**** Exercise data ****

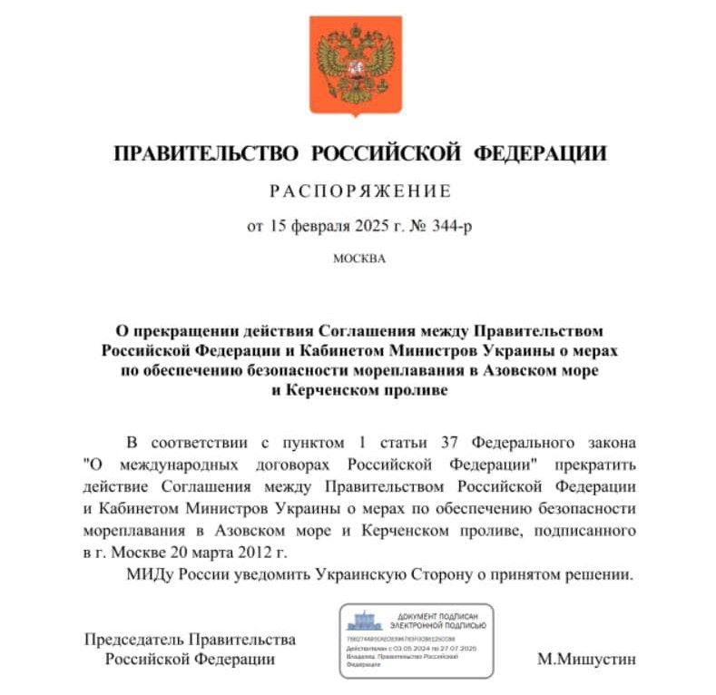 "Азовское море превращается окончательно во внутренние воды рф по версии рф. Потому что за всю Независимость мы не делимитировали, не демаркировали границу на Азовском море ", - отметила она, поделившись текстом распоряжения, принятого 15 февраля российским правительством.
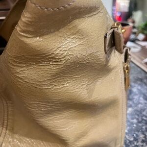 Please see pictures the bag has a scratch in the front and some fading on the sides of the bag. Other than that it looks astonish
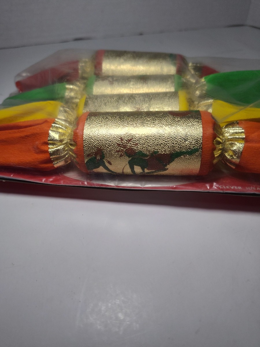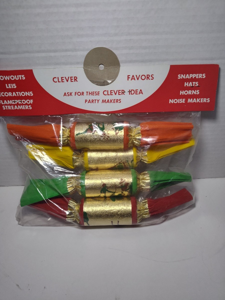 Vintage sealed package of 4 Decorated Snappers made by Clever Idea Co., Brooklyn, N.Y., originally sold for 29. These classic party favors were popular in the 1950s?60s and feature colorful crepe paper ends with gold foil wrappers decorated with cowboys and Indians. When pulled apart, the snappers make a popping sound ? similar to Christmas crackers.
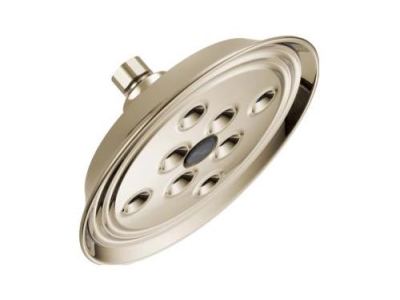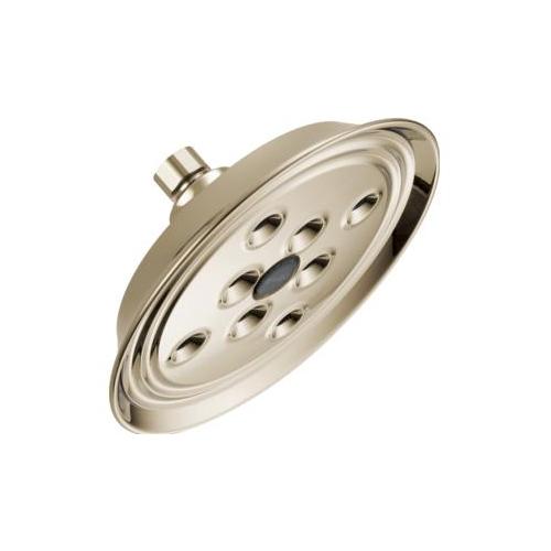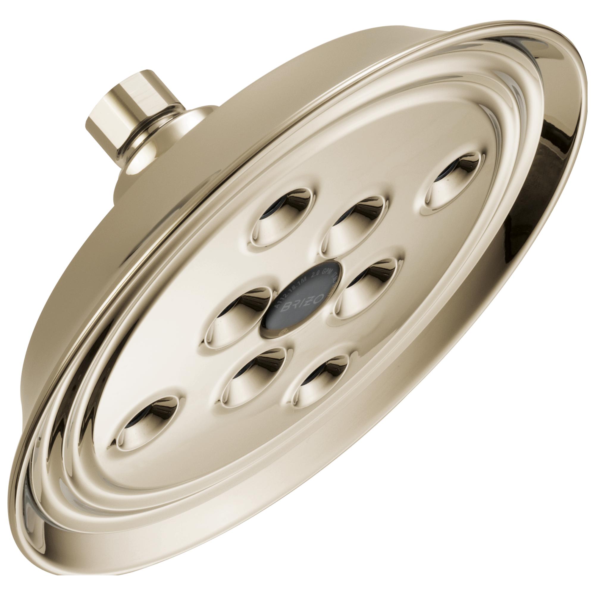 Brizo® Raincan Shower Head, Baliza®, 2 gpm, 1/2 in, Round, Number of Sprays: 1, Spray Pattern: Full Body, Wall Mount, 80 psi, 7 in Arm Length, 7-11/16 in Overall Width, 2-9/16 in Overall Height, Plastic, Polished Nickel, Import

****

Task to complete
Nothing but the pictures is to be left out; repeat the data exactly.

Reply to the task
 "Азовское море превращается окончательно во внутренние воды рф по версии рф. Потому что за всю Независимость мы не делимитировали, не демаркировали границу на Азовском море ", - отметила она, поделившись текстом распоряжения, принятого 15 февраля российским правительством.
 Please see pictures the bag has a scratch in the front and some fading on the sides of the bag. Other than that it looks astonish
 Vintage sealed package of 4 Decorated Snappers made by Clever Idea Co., Brooklyn, N.Y., originally sold for 29. These classic party favors were popular in the 1950s?60s and feature colorful crepe paper ends with gold foil wrappers decorated with cowboys and Indians. When pulled apart, the snappers make a popping sound ? similar to Christmas crackers.
 Brizo® Raincan Shower Head, Baliza®, 2 gpm, 1/2 in, Round, Number of Sprays: 1, Spray Pattern: Full Body, Wall Mount, 80 psi, 7 in Arm Length, 7-11/16 in Overall Width, 2-9/16 in Overall Height, Plastic, Polished Nickel, Import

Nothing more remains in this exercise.